» What you need to do: From the first line of the data through the line containing "Preparare uno sciroppo", transcribe each line exactly. Pictures do not belong in the copy.

★ ★ ★ ★ ★ ★ ★

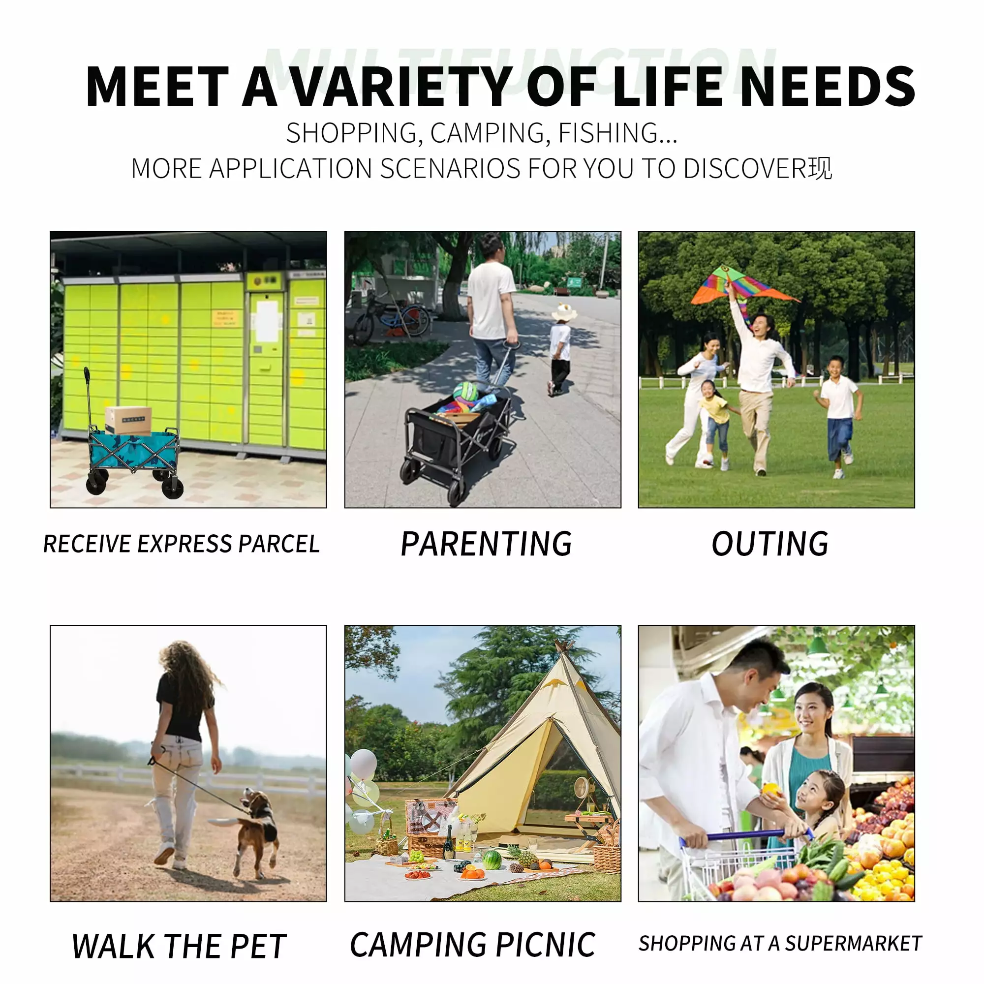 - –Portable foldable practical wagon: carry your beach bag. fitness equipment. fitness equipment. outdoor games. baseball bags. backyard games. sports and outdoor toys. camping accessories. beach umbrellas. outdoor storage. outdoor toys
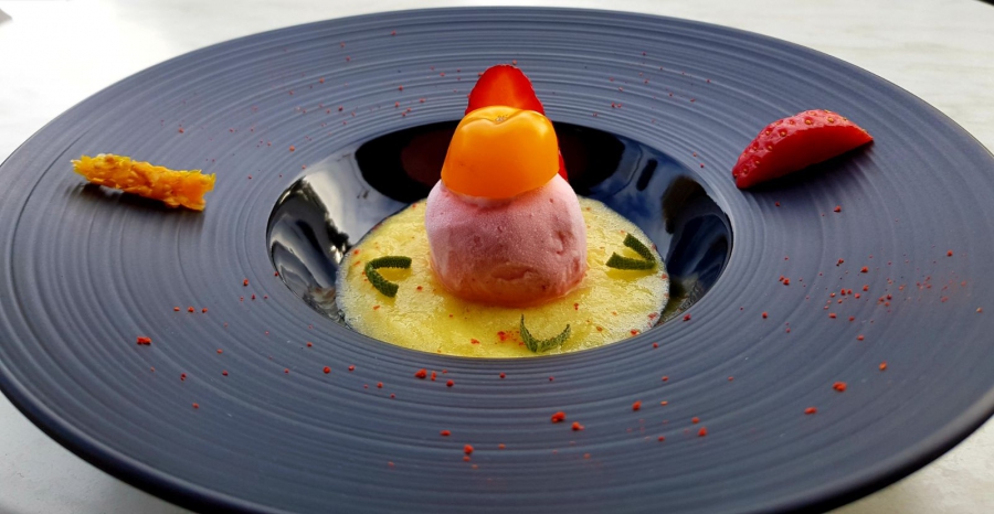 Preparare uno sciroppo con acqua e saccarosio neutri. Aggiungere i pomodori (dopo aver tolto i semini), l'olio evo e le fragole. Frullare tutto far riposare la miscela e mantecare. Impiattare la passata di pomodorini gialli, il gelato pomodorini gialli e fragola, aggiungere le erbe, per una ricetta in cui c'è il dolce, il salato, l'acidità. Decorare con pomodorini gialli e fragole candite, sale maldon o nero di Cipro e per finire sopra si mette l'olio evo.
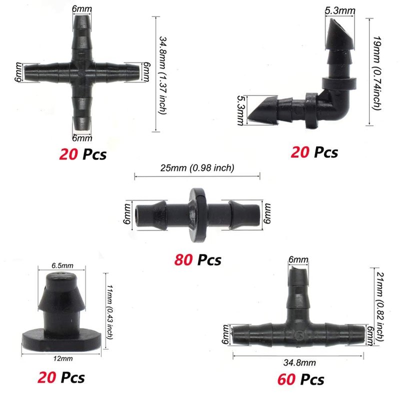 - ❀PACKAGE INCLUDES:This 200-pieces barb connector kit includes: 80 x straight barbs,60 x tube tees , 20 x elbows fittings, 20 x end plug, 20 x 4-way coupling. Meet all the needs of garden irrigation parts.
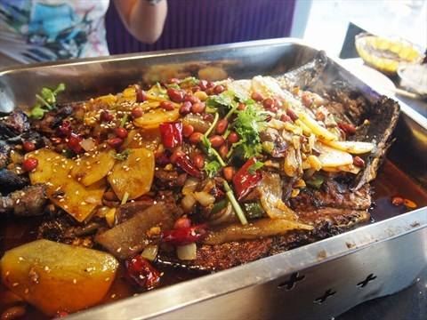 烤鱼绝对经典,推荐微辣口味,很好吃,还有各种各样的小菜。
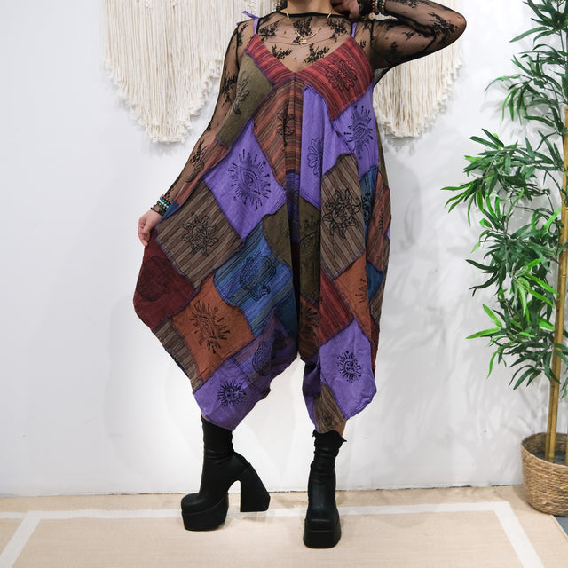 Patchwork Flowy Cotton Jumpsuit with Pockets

★ ★ ★ ★ ★ ★ ★

» Result below:
 - –Portable foldable practical wagon: carry your beach bag. fitness equipment. fitness equipment. outdoor games. baseball bags. backyard games. sports and outdoor toys. camping accessories. beach umbrellas. outdoor storage. outdoor toys
 Preparare uno sciroppo con acqua e saccarosio neutri. Aggiungere i pomodori (dopo aver tolto i semini), l'olio evo e le fragole. Frullare tutto far riposare la miscela e mantecare. Impiattare la passata di pomodorini gialli, il gelato pomodorini gialli e fragola, aggiungere le erbe, per una ricetta in cui c'è il dolce, il salato, l'acidità. Decorare con pomodorini gialli e fragole candite, sale maldon o nero di Cipro e per finire sopra si mette l'olio evo.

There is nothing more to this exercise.